Abstract:
A medical or dental probe having a resistive, integrally heated tip including a superelastic material such as nickel-titanium alloy. The probe tip provides a nearly continuous, controllable heat, and it may have a narrow, pointed shape. The tip may be heated rapidly, and it provides rapid heating of the instrument, continuous supply of heat for the purpose desired, and concentration of maximum heat at the end of the tip. The added flexibility allows the tip to follow the curvature of a canal of a tooth without the need to pre-bend the tip which increases the working life of the tip and provides for improved packing of the material used to fill the root canal.

Description:
FIELD OF THE INVENTION 
     The present invention generally relates to heated dental probes and, more specifically, to probes having thin tap elements used to pack filler material, such as gutta-percha, into root canals. 

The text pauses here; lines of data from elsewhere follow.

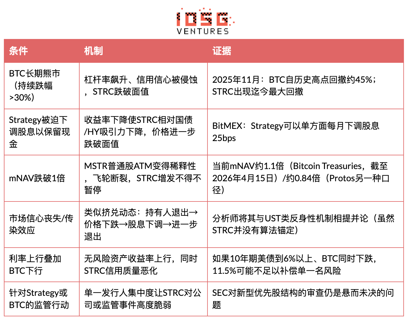关键问题是:STRC 会不会进入一个自我强化的下行循环?答案是会,但要满足特定条件。这套机制有三个相互联动的失效路径。
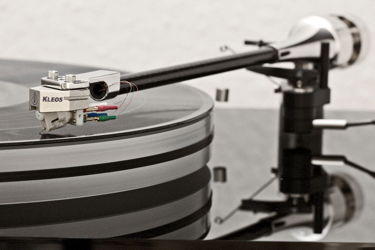 Lyras jüngster Tonabnehmer-Generation gehören vier nach dem Moving-Coil-Prinzip arbeitende Systeme an. Den kleinsten gemeinsamen Nenner der Modelle Delos, Kleos, Etna und Atlas bildet Lyras „New Angle Technology“. Dabei ist der Spulenträger in seiner Ausrichtung in Bezug auf das Magnetsystem so voreingestellt, dass sich erst mit Absenkung des Systems auf die Platte, also unter dem aufs hundertstel Gramm genau angegebenen empfohlenen Auflagegewicht die vom Konstrukteur gewollte Generator- Geometrie ergibt. Lyra will hier eine Lösung gefunden haben, die Nichtlinearitäten in der horizontalen und vertikalen Beweglichkeit des Spulenträgers auf dem Dämpfungsgummi ausschließt. Eine weitere Gemeinsamkeit aller aktuellen Lyra-Systeme ist die Magnetanordnung. Jonathan Carr setzt auf zwei scheibenförmige (manche mögen sagen: ringförmige) Magnete unmittelbar vor und hinter dem Spulenträger. So ergibt sich ein offenes, ganz ohne Polplatten auskommendes Magnetsystem, das Carr eben wegen der Abwesenheit der – wie er sagt – einen enormen klanglichen Einfluss ausübenden Eisenteile bevorzugt. Das Testobjekt Kleos kommt wie alle Lyra-Systeme jüngeren Datums als minimalistisches „nacktes“ System daher. Der recht massive Systemträger besteht aus einer besonders festen Aluminiumlegierung. Um dem Metall jegliche Resonanzfähigkeit auszutreiben, bekommt es von hinten zwei zylindrische Bohrungen verpasst. In diese wird jeweils ein Zylinder aus Bronze eingepresst. Die Kombination zweier unterschiedlicher Metalle sorgt in Verbindung mit dem Druck, unter dem sie verbunden wurden, für eine äußerst effektive Eigenbedämpfung. Die Kontaktfläche zum Headshell, die beim kleineren Bruder Delos plan ist und damit vollflächig aufliegt, wurde beim Kleos bis auf einen schmalen Steg im Bereich der Montagelöcher abgefräst. So wird auf einer kleineren Auflagefläche ein höherer Anpressdruck erreicht – auch das soll zum klanglichen Vorteil gereichen. Den Generator des Kleos vervollständigt ein quadratisches vergoldetes Eisenplättchen, auf das die Spulen aus feinem hochreinem Kupferdraht gewickelt sind. Der Nadelträger ist ein Boron-Stäbchen; an dessen Ende sitzt ein Diamant mit nach Lyra-Vorgaben modifiziertem Line-Contact-Schliff.
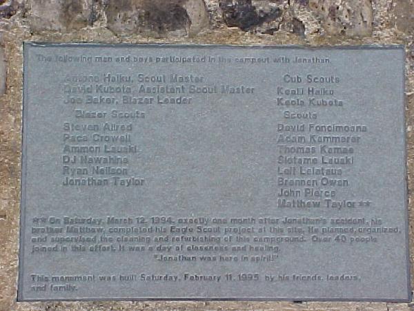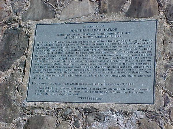 The road ends at a memorial to Jonathan Adam Taylor, a boy scout who died in a flash flood. Hopefully you can read the story in the picture.
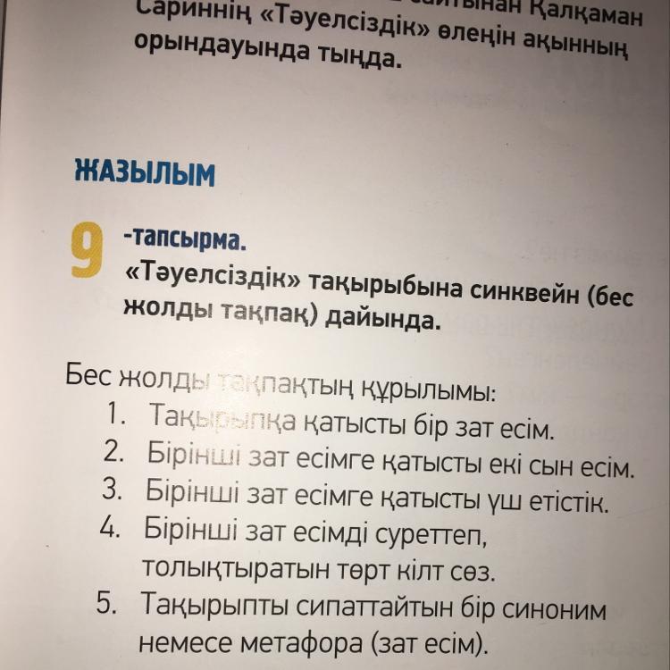 Короче надо синквейн на тему тауельзыздык(каз клавиатуры нету)
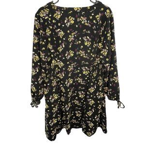 Torrid Floral Print Long Sleeve Dress With Stretchy Waist and Ties On The Sleeves

     BACKGROUND OF THE INVENTION 
     In dentistry, probes having narrow, heated elements are used in root canal therapy for plugging a previously hollowed root system with heat-softened gutta-percha (natural rubber) or other substances. These heated elements are known as plugger elements or plugger tips and typically comprise plastically deformable stainless steel needle shaped members. 
     Methods and apparatus for heating these plugger elements are disclosed in U.S. Pat. Nos. 4,527,560 and 5,043,560, each issued to Masreliez, and the disclosures of which are hereby incorporated herein by reference. The heated plugger elements disclosed in the Masreliez patents are very thin and formed of stainless steel. Therefore, they are bendable to hold various shapes, but they are not significantly resilient or elastic. 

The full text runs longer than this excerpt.